*What needs to be done*.
As the answer, give exactly the lines of the records below from the one with "Steak thơm lừng" through the one with "Inside the Cheyenne, Wyoming, roundhouse", ends included and pictures left out.

*The data*.
'''
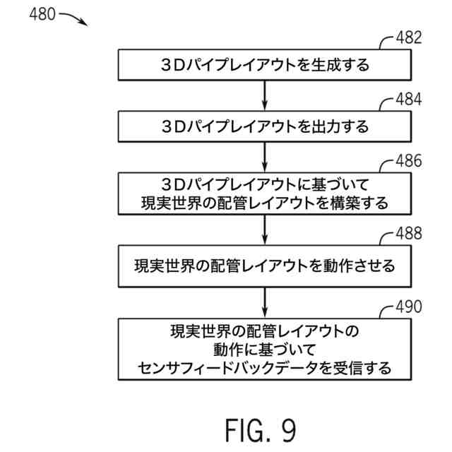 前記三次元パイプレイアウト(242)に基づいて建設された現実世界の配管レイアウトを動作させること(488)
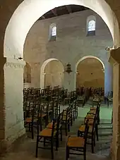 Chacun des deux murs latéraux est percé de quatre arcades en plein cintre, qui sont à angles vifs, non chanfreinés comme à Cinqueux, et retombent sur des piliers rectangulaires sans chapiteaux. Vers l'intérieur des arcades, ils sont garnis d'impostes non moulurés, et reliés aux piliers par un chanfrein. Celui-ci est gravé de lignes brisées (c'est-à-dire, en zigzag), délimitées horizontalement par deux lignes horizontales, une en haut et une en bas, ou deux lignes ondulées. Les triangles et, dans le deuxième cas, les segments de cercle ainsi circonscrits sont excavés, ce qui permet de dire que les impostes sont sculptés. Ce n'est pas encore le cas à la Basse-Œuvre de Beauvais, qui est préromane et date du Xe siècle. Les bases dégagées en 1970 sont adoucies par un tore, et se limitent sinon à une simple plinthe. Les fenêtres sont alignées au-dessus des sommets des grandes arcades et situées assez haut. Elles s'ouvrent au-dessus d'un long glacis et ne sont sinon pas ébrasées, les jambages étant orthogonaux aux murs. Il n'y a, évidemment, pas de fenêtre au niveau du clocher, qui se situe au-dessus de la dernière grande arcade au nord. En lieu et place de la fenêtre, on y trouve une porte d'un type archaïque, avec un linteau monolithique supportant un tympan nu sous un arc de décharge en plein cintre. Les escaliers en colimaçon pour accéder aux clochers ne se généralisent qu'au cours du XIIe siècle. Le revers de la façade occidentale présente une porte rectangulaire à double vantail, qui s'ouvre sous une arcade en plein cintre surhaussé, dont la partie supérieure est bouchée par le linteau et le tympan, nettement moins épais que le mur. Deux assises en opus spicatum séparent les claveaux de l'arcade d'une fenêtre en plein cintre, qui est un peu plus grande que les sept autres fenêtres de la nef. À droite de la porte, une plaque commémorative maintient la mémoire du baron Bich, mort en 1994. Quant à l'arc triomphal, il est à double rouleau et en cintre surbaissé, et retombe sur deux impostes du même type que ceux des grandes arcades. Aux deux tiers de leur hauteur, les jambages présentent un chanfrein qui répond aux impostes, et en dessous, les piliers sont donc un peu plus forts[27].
'''
'''
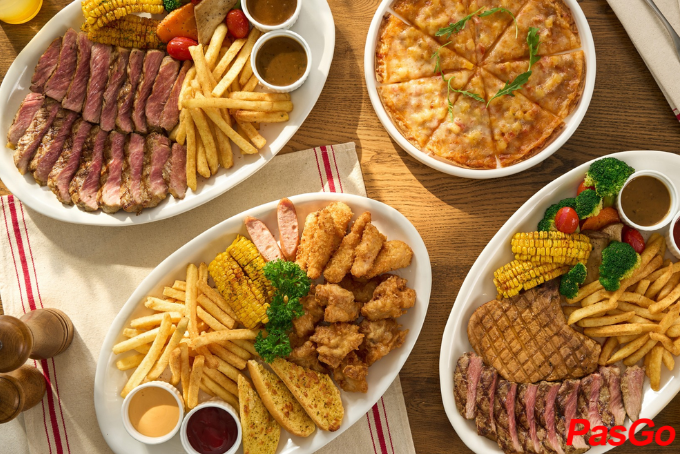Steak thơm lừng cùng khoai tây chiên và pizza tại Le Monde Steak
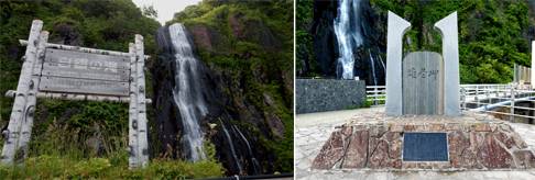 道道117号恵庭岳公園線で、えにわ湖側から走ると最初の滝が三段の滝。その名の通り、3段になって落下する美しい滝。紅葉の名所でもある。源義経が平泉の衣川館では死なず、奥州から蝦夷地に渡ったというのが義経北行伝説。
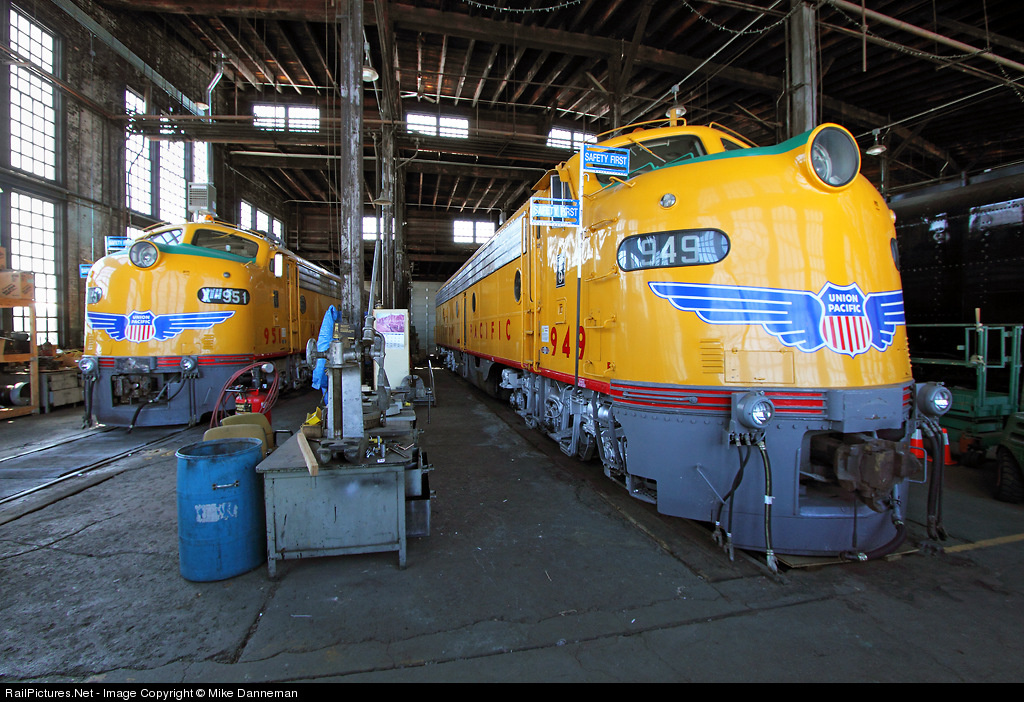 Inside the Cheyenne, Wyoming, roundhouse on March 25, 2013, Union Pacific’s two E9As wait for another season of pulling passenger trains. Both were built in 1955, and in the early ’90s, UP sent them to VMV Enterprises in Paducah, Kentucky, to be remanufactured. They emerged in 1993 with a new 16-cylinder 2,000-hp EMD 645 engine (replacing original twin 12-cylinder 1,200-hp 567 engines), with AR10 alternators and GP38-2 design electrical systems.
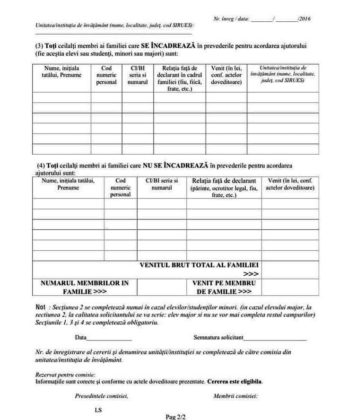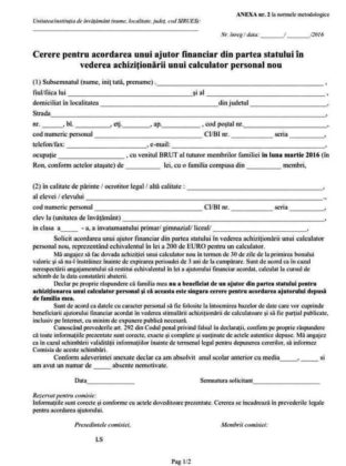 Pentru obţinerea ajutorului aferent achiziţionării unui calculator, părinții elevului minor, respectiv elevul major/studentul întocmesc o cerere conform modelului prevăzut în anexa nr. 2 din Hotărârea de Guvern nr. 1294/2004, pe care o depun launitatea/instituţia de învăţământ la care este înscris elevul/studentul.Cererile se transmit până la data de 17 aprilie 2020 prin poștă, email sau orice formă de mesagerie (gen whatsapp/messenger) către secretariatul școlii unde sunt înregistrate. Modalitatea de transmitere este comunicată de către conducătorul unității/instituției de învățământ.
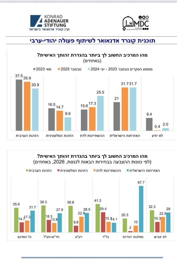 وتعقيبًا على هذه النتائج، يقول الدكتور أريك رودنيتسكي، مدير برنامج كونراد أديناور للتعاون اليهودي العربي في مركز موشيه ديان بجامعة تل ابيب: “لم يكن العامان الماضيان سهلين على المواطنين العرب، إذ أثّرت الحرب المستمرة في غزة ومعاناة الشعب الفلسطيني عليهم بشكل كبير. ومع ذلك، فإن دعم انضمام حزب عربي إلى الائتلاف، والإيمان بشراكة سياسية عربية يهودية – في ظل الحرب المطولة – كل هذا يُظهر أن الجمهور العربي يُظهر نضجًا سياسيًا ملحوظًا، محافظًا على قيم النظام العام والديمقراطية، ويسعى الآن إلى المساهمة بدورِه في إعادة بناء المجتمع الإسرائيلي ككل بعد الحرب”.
'''
'''
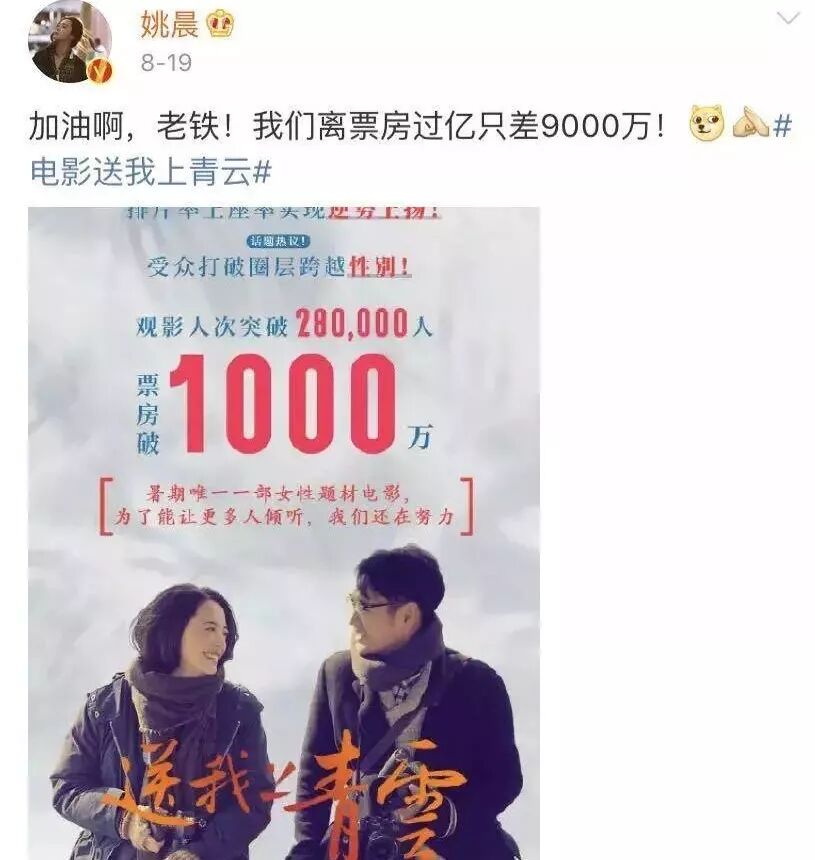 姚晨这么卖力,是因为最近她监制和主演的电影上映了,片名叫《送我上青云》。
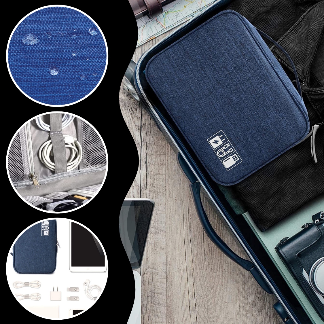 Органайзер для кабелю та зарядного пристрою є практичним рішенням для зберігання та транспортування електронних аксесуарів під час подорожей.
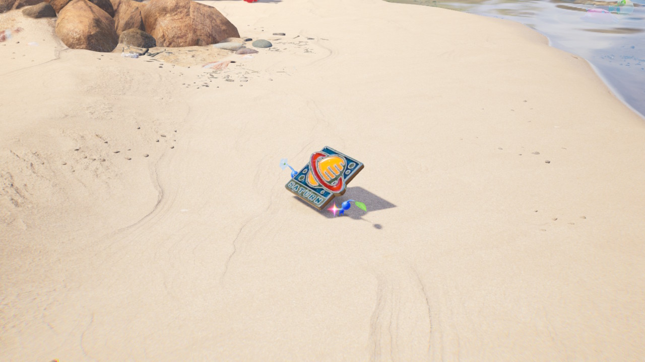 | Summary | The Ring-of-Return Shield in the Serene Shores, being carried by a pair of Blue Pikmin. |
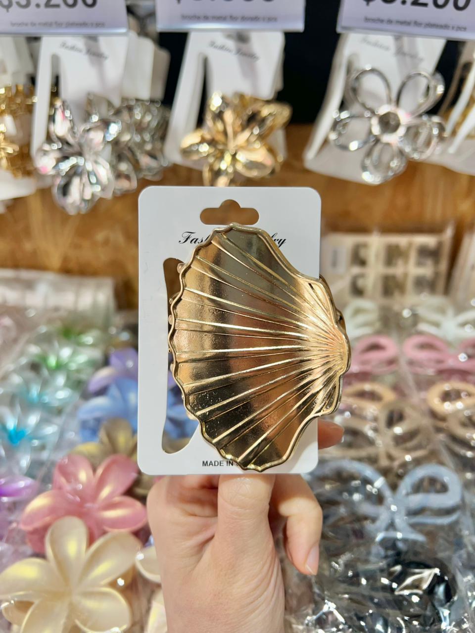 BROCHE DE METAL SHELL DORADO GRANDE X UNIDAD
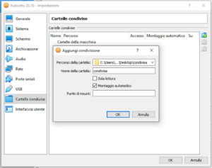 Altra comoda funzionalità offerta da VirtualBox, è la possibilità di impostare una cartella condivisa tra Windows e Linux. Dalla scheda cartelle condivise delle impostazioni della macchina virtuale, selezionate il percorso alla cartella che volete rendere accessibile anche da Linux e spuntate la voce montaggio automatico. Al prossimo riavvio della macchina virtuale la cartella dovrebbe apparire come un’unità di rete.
'''
*Answer to the exercise*.
Steak thơm lừng cùng khoai tây chiên và pizza tại Le Monde Steak
 道道117号恵庭岳公園線で、えにわ湖側から走ると最初の滝が三段の滝。その名の通り、3段になって落下する美しい滝。紅葉の名所でもある。源義経が平泉の衣川館では死なず、奥州から蝦夷地に渡ったというのが義経北行伝説。
 Inside the Cheyenne, Wyoming, roundhouse on March 25, 2013, Union Pacific’s two E9As wait for another season of pulling passenger trains. Both were built in 1955, and in the early ’90s, UP sent them to VMV Enterprises in Paducah, Kentucky, to be remanufactured. They emerged in 1993 with a new 16-cylinder 2,000-hp EMD 645 engine (replacing original twin 12-cylinder 1,200-hp 567 engines), with AR10 alternators and GP38-2 design electrical systems.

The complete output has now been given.